| INPUT RECORDS |
┌──
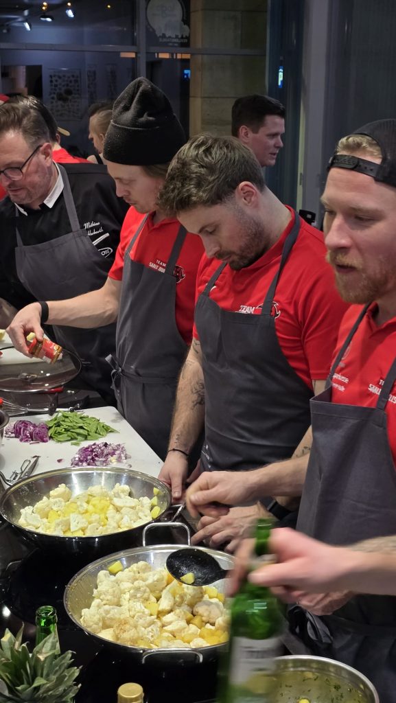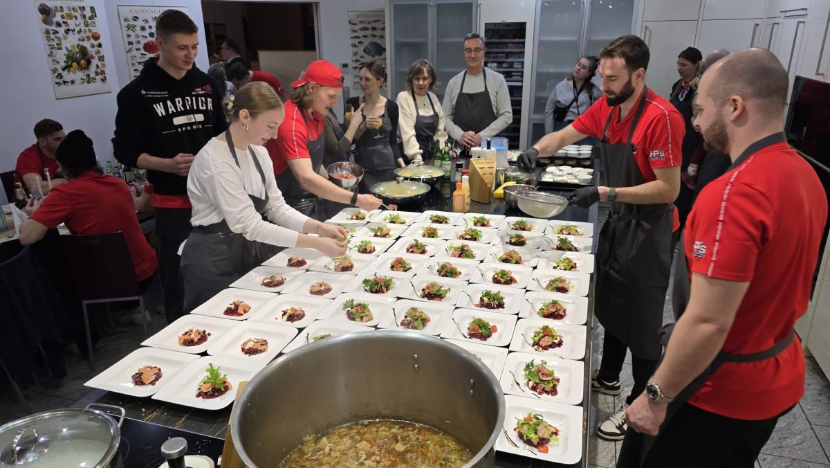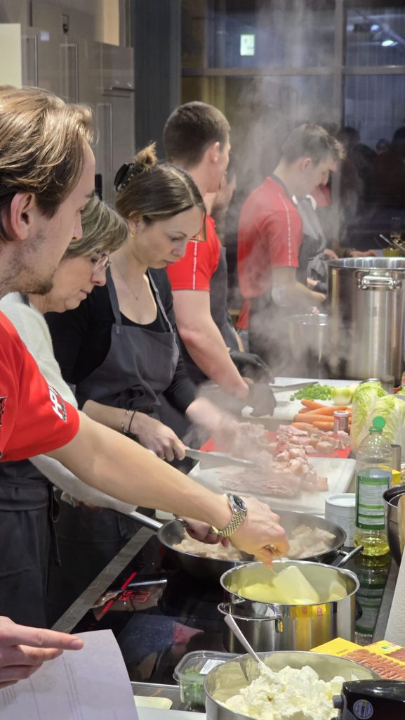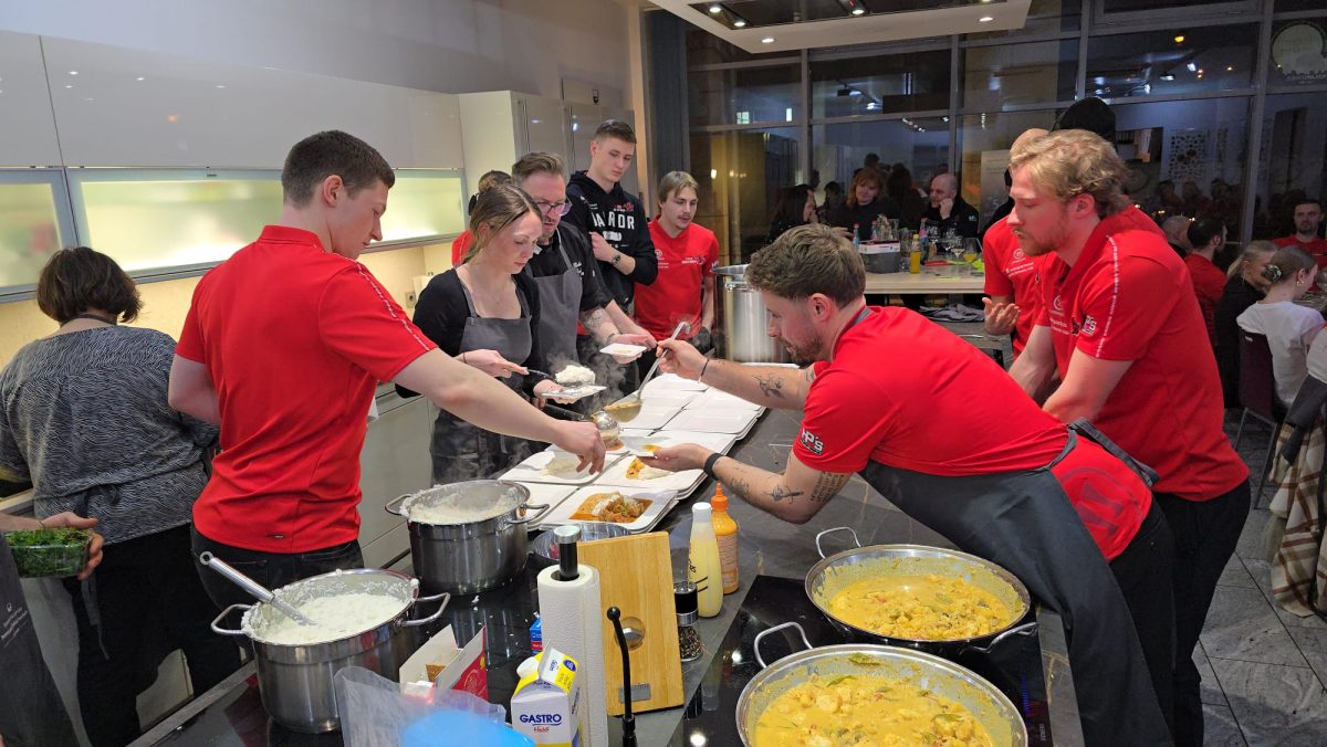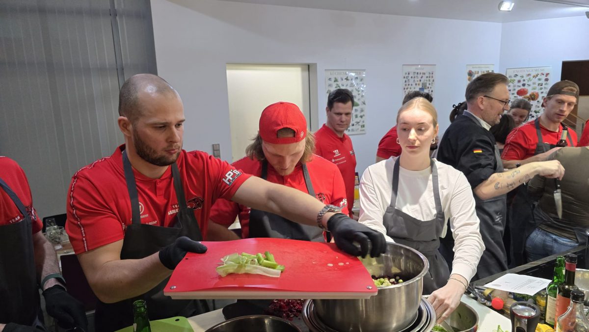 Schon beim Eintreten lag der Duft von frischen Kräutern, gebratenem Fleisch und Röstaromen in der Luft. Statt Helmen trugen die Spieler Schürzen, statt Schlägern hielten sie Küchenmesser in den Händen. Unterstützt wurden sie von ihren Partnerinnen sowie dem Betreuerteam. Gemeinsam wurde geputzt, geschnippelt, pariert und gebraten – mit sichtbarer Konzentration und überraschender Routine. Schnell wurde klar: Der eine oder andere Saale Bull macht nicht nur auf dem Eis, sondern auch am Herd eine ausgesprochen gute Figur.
└──
┌──
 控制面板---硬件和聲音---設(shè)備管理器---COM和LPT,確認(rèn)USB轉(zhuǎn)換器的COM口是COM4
└──
┌──
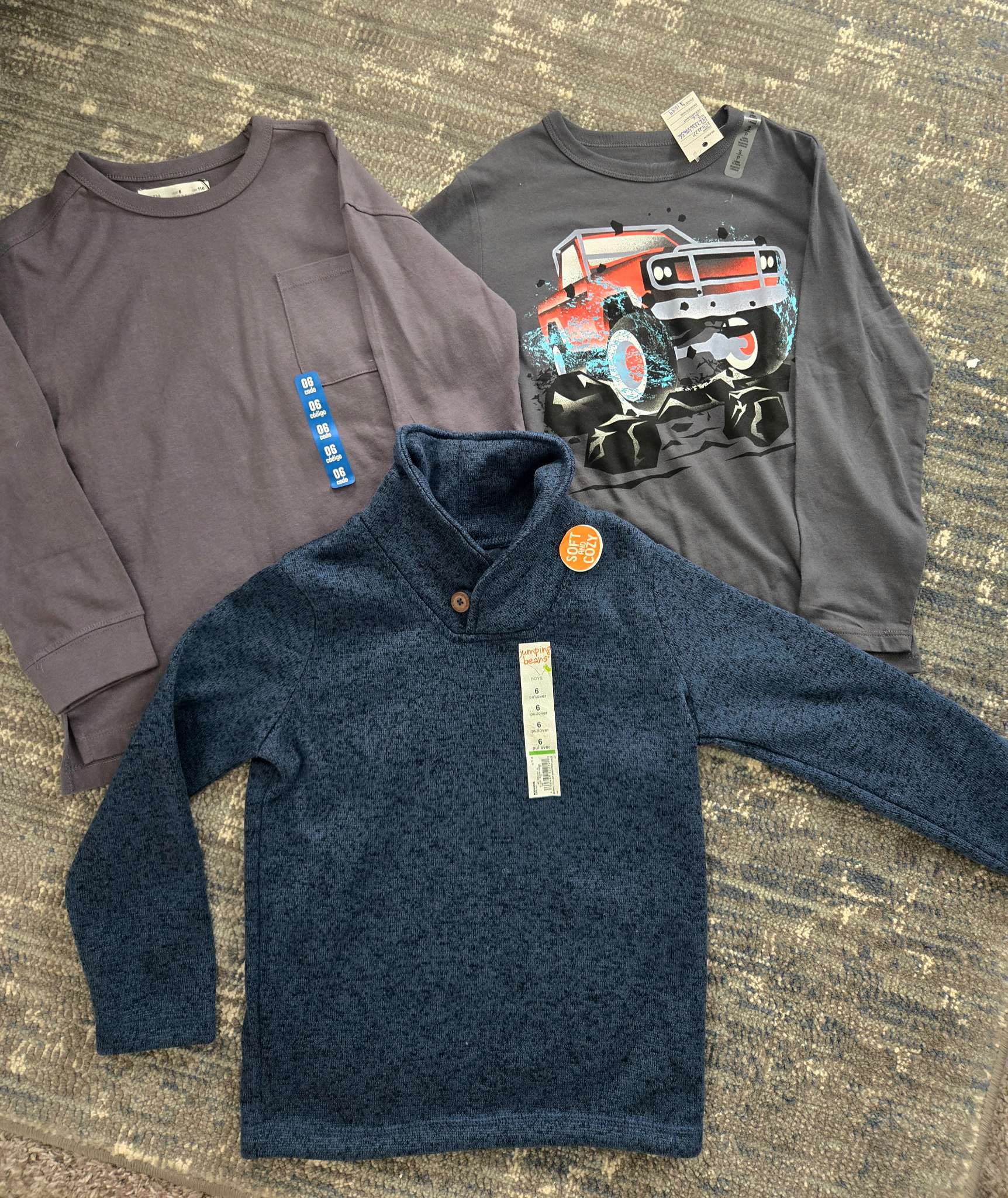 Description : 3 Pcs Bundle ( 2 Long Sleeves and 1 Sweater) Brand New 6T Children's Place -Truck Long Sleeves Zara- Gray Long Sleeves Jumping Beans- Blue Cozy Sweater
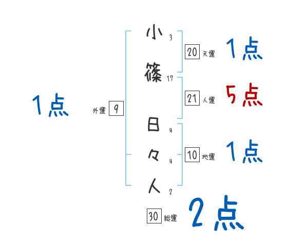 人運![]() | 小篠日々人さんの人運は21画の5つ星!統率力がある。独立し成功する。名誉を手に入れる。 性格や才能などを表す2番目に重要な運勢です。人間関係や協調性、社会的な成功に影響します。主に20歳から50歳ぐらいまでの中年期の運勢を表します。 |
└──
| TASK OBJECTIVE |
Word for word, write out the lines above running from the one with "Description : 3" up to and including the one with "人運![]() | 小篠日々人さんの人運は21画の5つ星!統率力がある。独立し成功する。名誉を手に入れる。". Drop any picture.

| ANSWER BOX |
 Description : 3 Pcs Bundle ( 2 Long Sleeves and 1 Sweater) Brand New 6T Children's Place -Truck Long Sleeves Zara- Gray Long Sleeves Jumping Beans- Blue Cozy Sweater
 人運![]() | 小篠日々人さんの人運は21画の5つ星!統率力がある。独立し成功する。名誉を手に入れる。 性格や才能などを表す2番目に重要な運勢です。人間関係や協調性、社会的な成功に影響します。主に20歳から50歳ぐらいまでの中年期の運勢を表します。 |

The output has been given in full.